几人站在这个名为王交的驯婴教官房中,本来就不大的房内脏乱不堪,任蓝天翻了翻桌子上的书籍纸张,中间还夹杂着掉落的食物残渣,纸张上因为撒上了不知道是什么的液体全部皱在一起。乌野跨过地上的空酒瓶,拿起一本不知道是什么的书,打开一看发现竟然是黄色/书籍,于是皱皱眉头丢在一边,
“这就是你那个‘潘伯伯’?”乌野挑眉不可置信的问,任蓝天也不可思议的咬了咬嘴唇,自己心目中的潘伯伯,可不是这样子的啊。
“具其他的坊管和驯婴教官说,王交这个人没什么太大的志气,但好像年轻的时候很爱交友,估计就是在没有进入婴坊之前遇到你父母的吧。

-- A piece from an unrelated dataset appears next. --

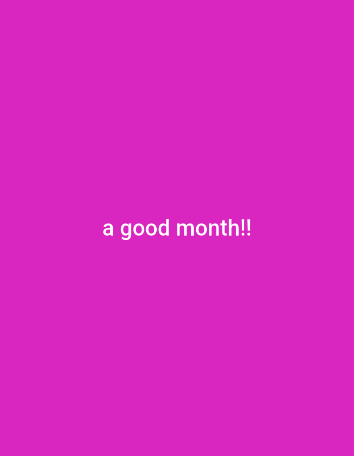 The image displays a solid magenta background. Centered on this background, in white lowercase letters, is the phrase "a good month!!" followed by two exclamation marks. There are no discernible people, subjects, objects, actions, interactions, or environmental details that would indicate a specific location within the city of Guadalupe, Philippines, or any other physical environment. The image is purely textual over a monochromatic field.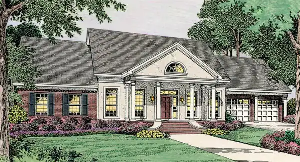 This home offers a family dining area with the sitting and breakfast rooms combined. A desk and walk-in pantry enhance the large kitchen. Vaulted ceiling, fireplace and built-in cabinets are provided in the greatroom. Architectural columns offer guidelines for the dining room from the foyer. Optional expansion can add up to an additional 1132 square feet upstairs.

但听说他就是因为心狠手辣的行事作风很得二老爷赞赏,才进了九头鬼婴坊,我实在想不出这样一个人,怎么会拼上自己的性命为了救你”
乌烁丢下一本快要散架的书对任蓝天说,他看了看任蓝天同样迷惑的表情,知道‘王交’这个人也让她非常吃惊。
任蓝天看着资料卷宗上王交的照片,确实是她熟悉的潘伯伯的脸,“他在婴坊的样子说不定是装的,为了不露出马脚”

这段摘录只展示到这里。